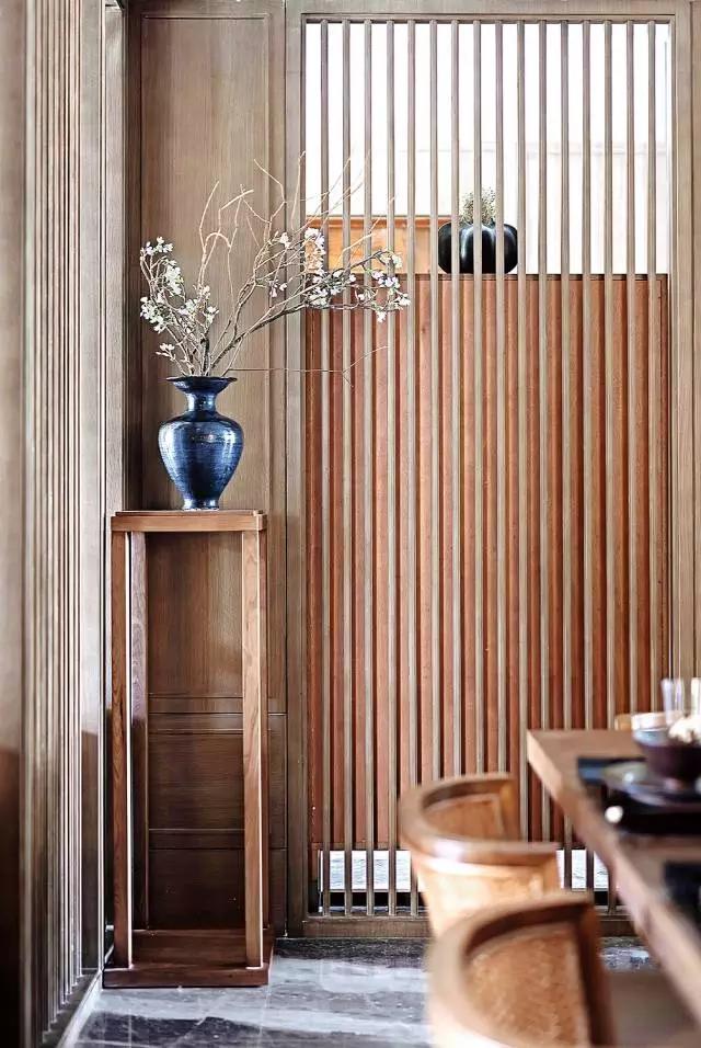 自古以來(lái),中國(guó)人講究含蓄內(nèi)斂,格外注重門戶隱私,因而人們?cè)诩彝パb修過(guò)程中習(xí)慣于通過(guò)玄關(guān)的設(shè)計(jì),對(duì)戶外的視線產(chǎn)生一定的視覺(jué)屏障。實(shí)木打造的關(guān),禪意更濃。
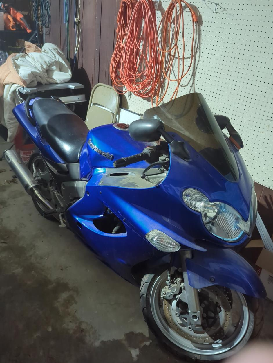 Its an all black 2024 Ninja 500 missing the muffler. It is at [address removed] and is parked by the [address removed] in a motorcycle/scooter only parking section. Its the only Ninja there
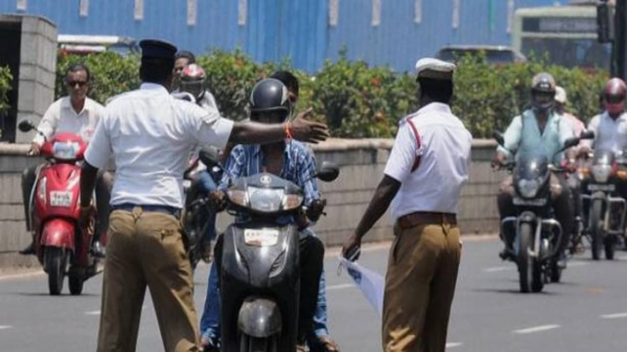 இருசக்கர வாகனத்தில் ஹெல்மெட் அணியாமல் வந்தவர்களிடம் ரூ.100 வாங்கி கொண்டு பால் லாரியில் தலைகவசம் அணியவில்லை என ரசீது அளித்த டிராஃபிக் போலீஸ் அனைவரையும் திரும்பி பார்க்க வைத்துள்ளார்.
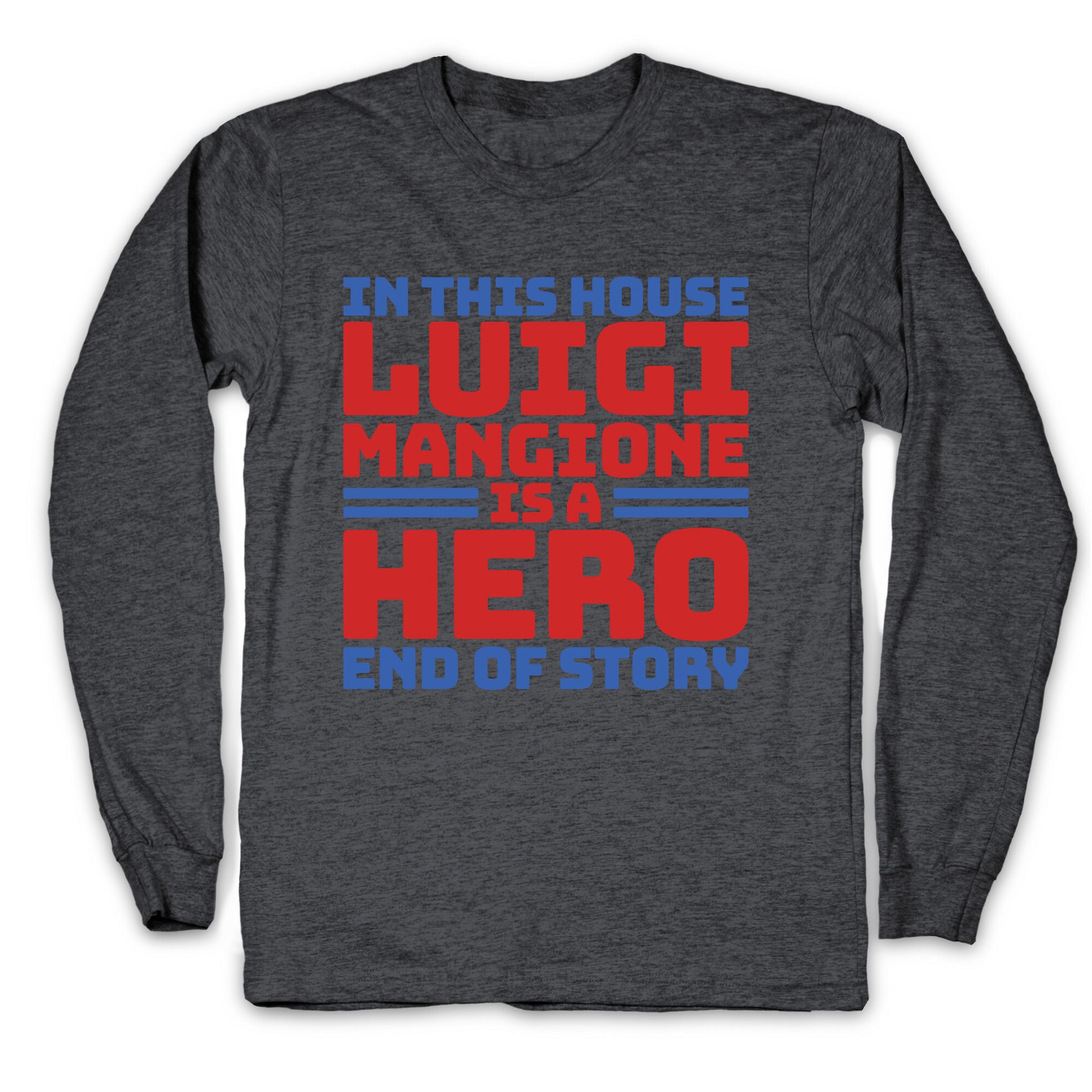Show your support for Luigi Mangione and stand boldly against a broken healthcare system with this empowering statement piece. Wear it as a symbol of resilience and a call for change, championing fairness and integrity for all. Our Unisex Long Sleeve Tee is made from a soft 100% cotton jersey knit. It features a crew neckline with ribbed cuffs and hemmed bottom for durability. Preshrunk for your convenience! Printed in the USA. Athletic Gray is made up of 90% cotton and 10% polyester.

PROBLEM STATEMENT |
Retype all the data exactly; skip the pictures.

TASK SOLUTION |
 自古以來(lái),中國(guó)人講究含蓄內(nèi)斂,格外注重門戶隱私,因而人們?cè)诩彝パb修過(guò)程中習(xí)慣于通過(guò)玄關(guān)的設(shè)計(jì),對(duì)戶外的視線產(chǎn)生一定的視覺(jué)屏障。實(shí)木打造的關(guān),禪意更濃。
 Its an all black 2024 Ninja 500 missing the muffler. It is at [address removed] and is parked by the [address removed] in a motorcycle/scooter only parking section. Its the only Ninja there
 இருசக்கர வாகனத்தில் ஹெல்மெட் அணியாமல் வந்தவர்களிடம் ரூ.100 வாங்கி கொண்டு பால் லாரியில் தலைகவசம் அணியவில்லை என ரசீது அளித்த டிராஃபிக் போலீஸ் அனைவரையும் திரும்பி பார்க்க வைத்துள்ளார்.
Show your support for Luigi Mangione and stand boldly against a broken healthcare system with this empowering statement piece. Wear it as a symbol of resilience and a call for change, championing fairness and integrity for all. Our Unisex Long Sleeve Tee is made from a soft 100% cotton jersey knit. It features a crew neckline with ribbed cuffs and hemmed bottom for durability. Preshrunk for your convenience! Printed in the USA. Athletic Gray is made up of 90% cotton and 10% polyester.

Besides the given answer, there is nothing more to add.